Take the lines of the data below from the very first through the line containing "千两茶是采用安化本地产优质黑" and output them exactly, pictures excluded.
§
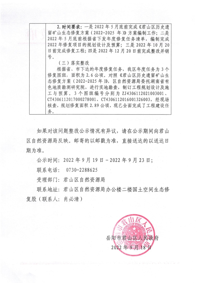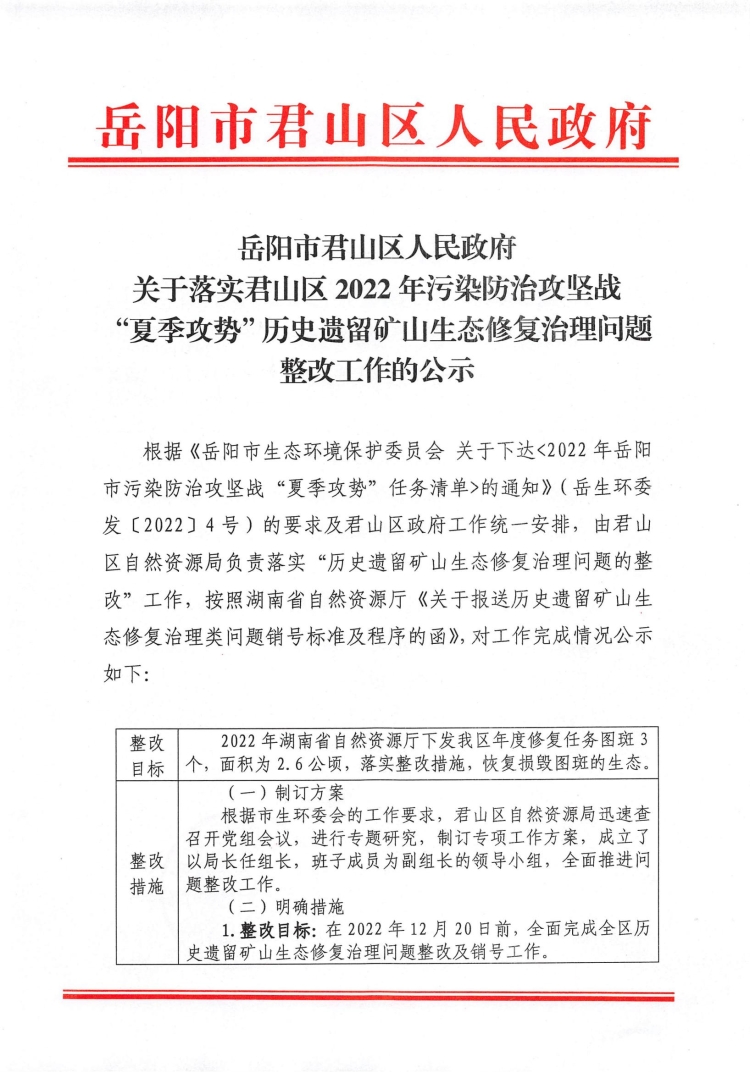关于落实君山区2022年污染防治攻坚战“夏季攻势”历史遗留矿山生态修复治理问题整改工作的公示
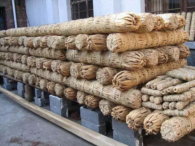 千两茶是采用安化本地产优质黑毛茶为原料,将经汽蒸变软后的黑毛茶灌入垫有蓼叶和棕片的长圆筒形的篾篓中,用棍、锤等筑制工具,运用绞、压、踩、滚、锤等技术,经多次反复锤压和束紧,使茶支达到致密坚实的要求,最后形成高160厘米左右、直径0.2米左右的呈树状的圆柱体,在自然条件下经“日晒夜露”七七四十九日,自然干燥而成。
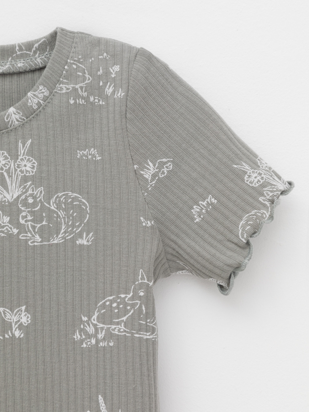 Футболка в рубчик для девочки. Для удобства одевания имеется застёжка на кнопки на плече. Оригинальный рисунок выполнен из стойких текстильных гипоаллергенных красителей. Изделие сохраняет цвет и форму после многократных стирок. Все трикотажные полотна производятся в соответствии с нормами швейцарского сертификата ЭкоТекс.
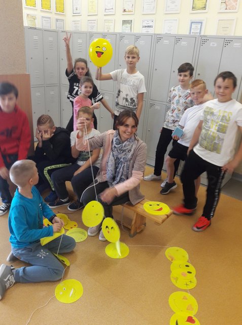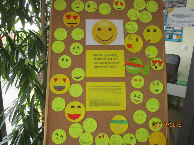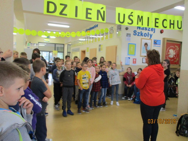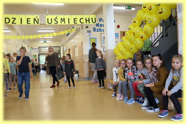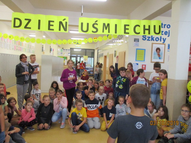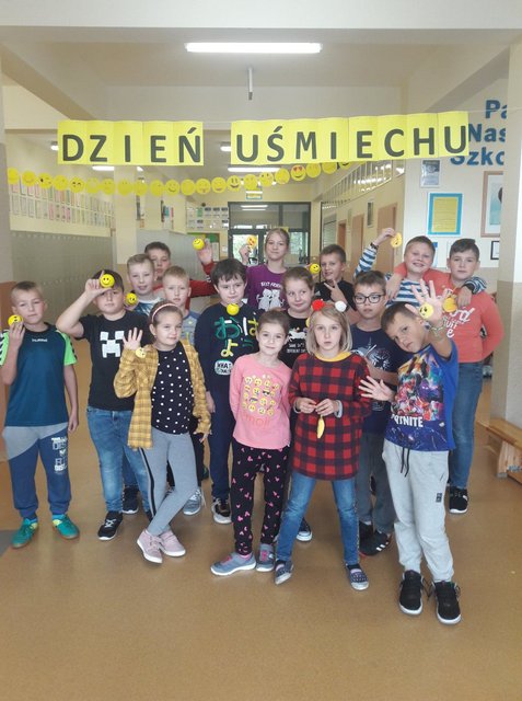 4 października 2019 r. w naszej szkole obchodzono Dzień Uśmiechu. To radosne święto obchodzone jest od 1999 r. Pomysłodawcą przedsięwzięcia jest Harvey Ball – autor znanego na całym świecie symbolu żółtej, uśmiechniętej buzi, tzw. smile face. Symbol ten reprezentować ma dokładnie to, co na co dzień chcemy widzieć u innych ludzi – bezinteresowny uśmiech i radość życia. Bo jak się okazuje, znane od wieków powiedzenie „śmiech to zdrowie”, to nie tylko metafora. W ciągu ostatnich dekad rozwinęła się nawet nowa dziedzina badań nad tym zjawiskiem, zwana gelontologią. Dzięki niej potwierdzono naukowo, że śmiech rozluźnia i odstresowuje, przyczyniając się do wzmocnienia układu odpornościowego organizmu.Ponadto stymuluje wydzielanie endorfin, czyli hormonów szczęścia. W naszej szkole wszyscy uczniowie, którzy tego dnia przyszli ubrani na żółto, otrzymywali naklejki – uśmiechnięte buźki, natomiast ci, którzy opowiedzieli najśmieszniejszy dowcip, otrzymywali nagrody. Organizatorkami przedsięwzięcia były panie: Anetta Banaszczyk i Izabela Dybała.
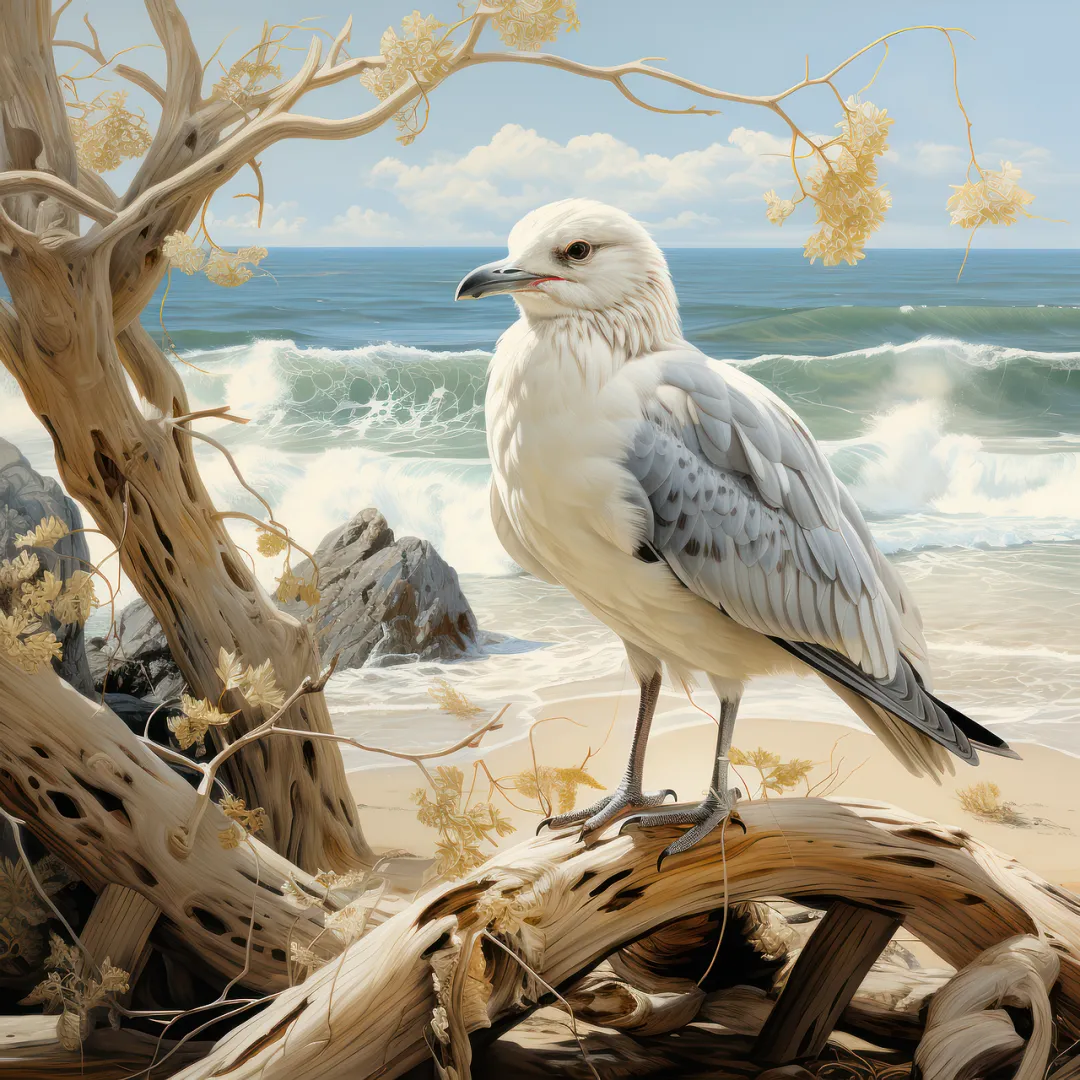 我们可以参考这种分类方式,把鸟类图片和自己熟悉的鸟进行对比。比如下面这张图,头部和配色像海鸥(游禽),轮廓和体态像鵟(kuáng)之类(猛禽),爪子又有点像鸡(陆禽)。即使你对海鸥的了解仅限于“整点薯条”,也能察觉到这张图气质不对。
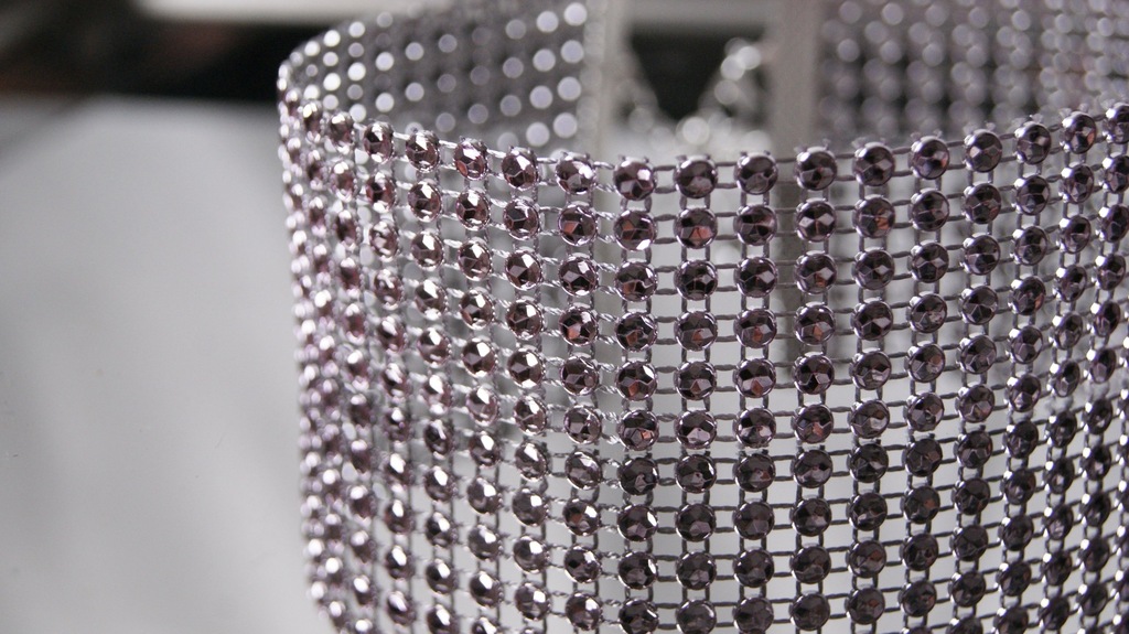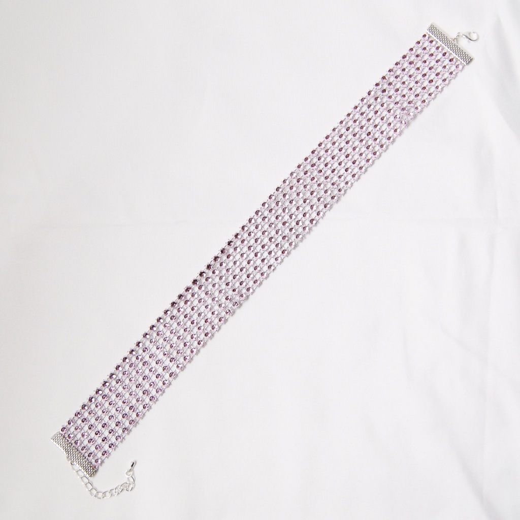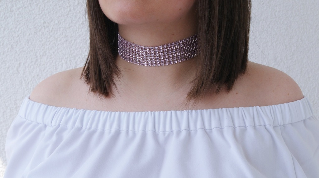 Szeroka obroża/choker w kolorze srebrnym z różowymi cyrkoniami. Można ją nosić samodzielnie lub z dodatkową biżuterią.
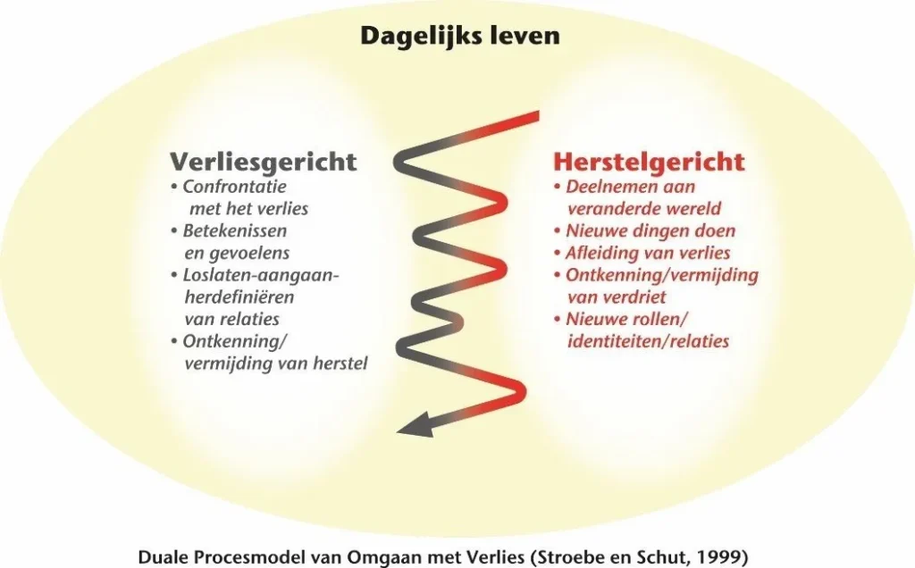Rouwen is een slingerend proces. Het Duale Procesmodel van Omgaan met Verlies (Stroebe & Schut, 1999) laat dit goed zien, zie de afbeelding hieronder. Een rouwend persoon beweegt dynamisch heen en weer, niet volgens vaste patronen. Hij of zij beweegt tussen ‘de confrontatie met het verlies enerzijds’ en ‘het vermijden van het verlies’ anderzijds.
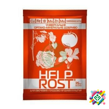 **Препарат для плодово-ягідних культур "ХЕЛПРОСТ®"** **Склад, мг/л:** - Амінокислоти (більше 16 видів) - 16000 - Полісахариди - 1500 - Вітаміни групи В - 50 - Макро- та мікроелементи, хелатовані продуктами метаболізму мікроорганізмів: P2O5 - 9750, K2O - 7600, Zn - 270, Cu - 650, B - 300, SO3 - 450,...
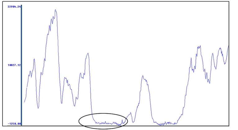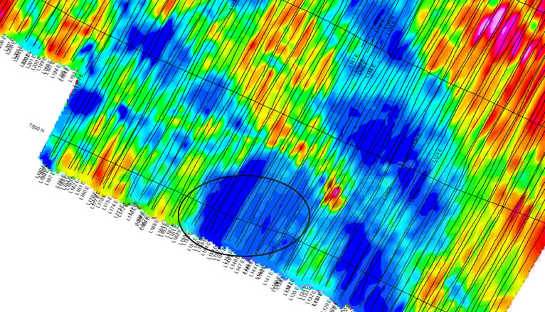 The image below, is a grid from a TDEM dataset. Let's look at the circle region. It seems near the southern survey boundary that there is a small levelling issue.
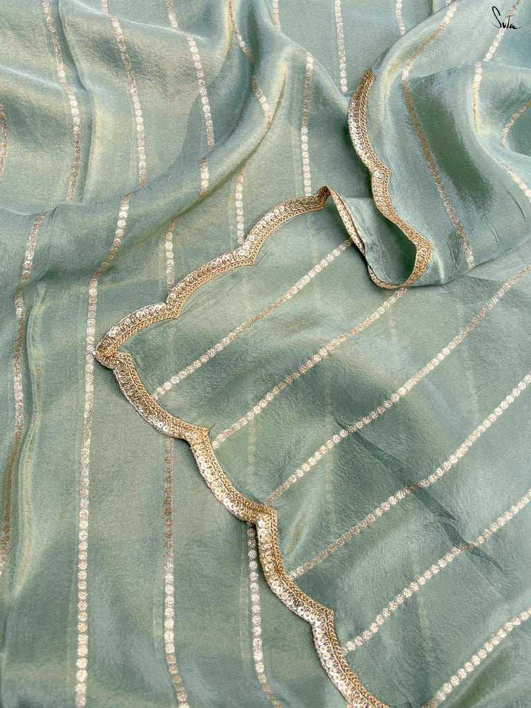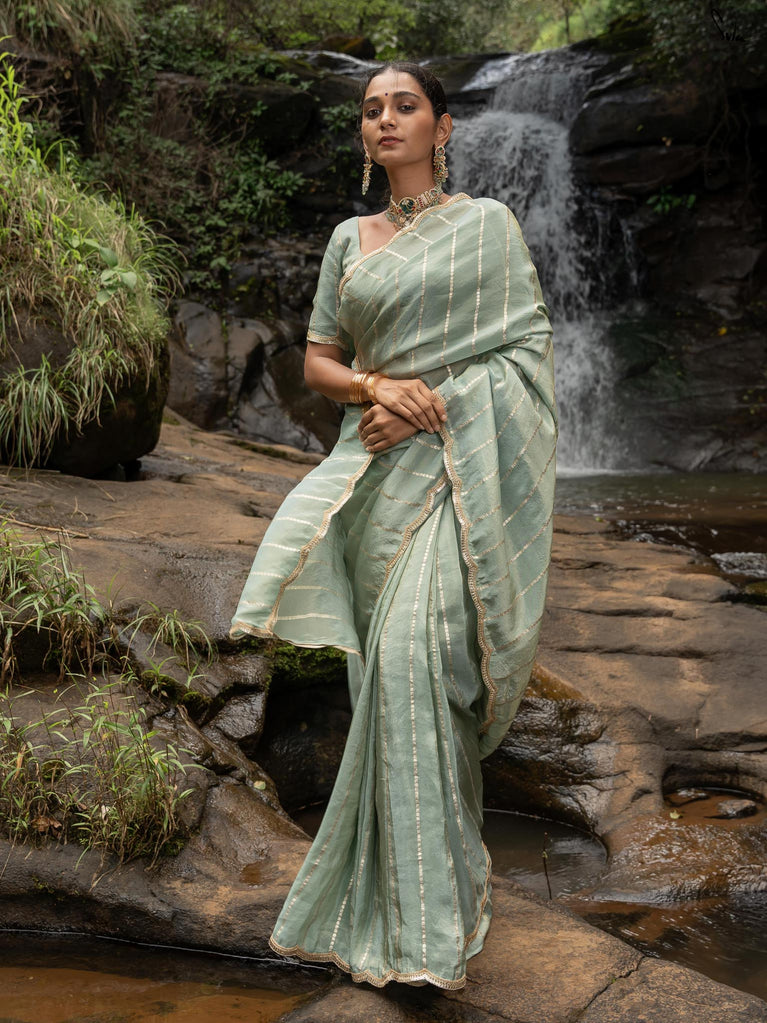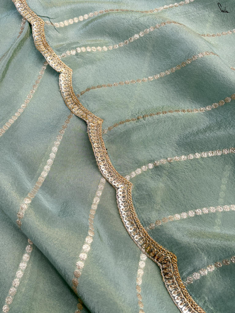 A saree that feels like a breath of calm. The mint hue soothes the eyes and lightens the mood. Zari stripes glint gently, adding a hint of celebration to its serenity. The scalloped lace embroidery traces every edge with a tender, intricate calm. It is an incomparably fresh look.
§
Output of the task:
关于落实君山区2022年污染防治攻坚战“夏季攻势”历史遗留矿山生态修复治理问题整改工作的公示
 千两茶是采用安化本地产优质黑毛茶为原料,将经汽蒸变软后的黑毛茶灌入垫有蓼叶和棕片的长圆筒形的篾篓中,用棍、锤等筑制工具,运用绞、压、踩、滚、锤等技术,经多次反复锤压和束紧,使茶支达到致密坚实的要求,最后形成高160厘米左右、直径0.2米左右的呈树状的圆柱体,在自然条件下经“日晒夜露”七七四十九日,自然干燥而成。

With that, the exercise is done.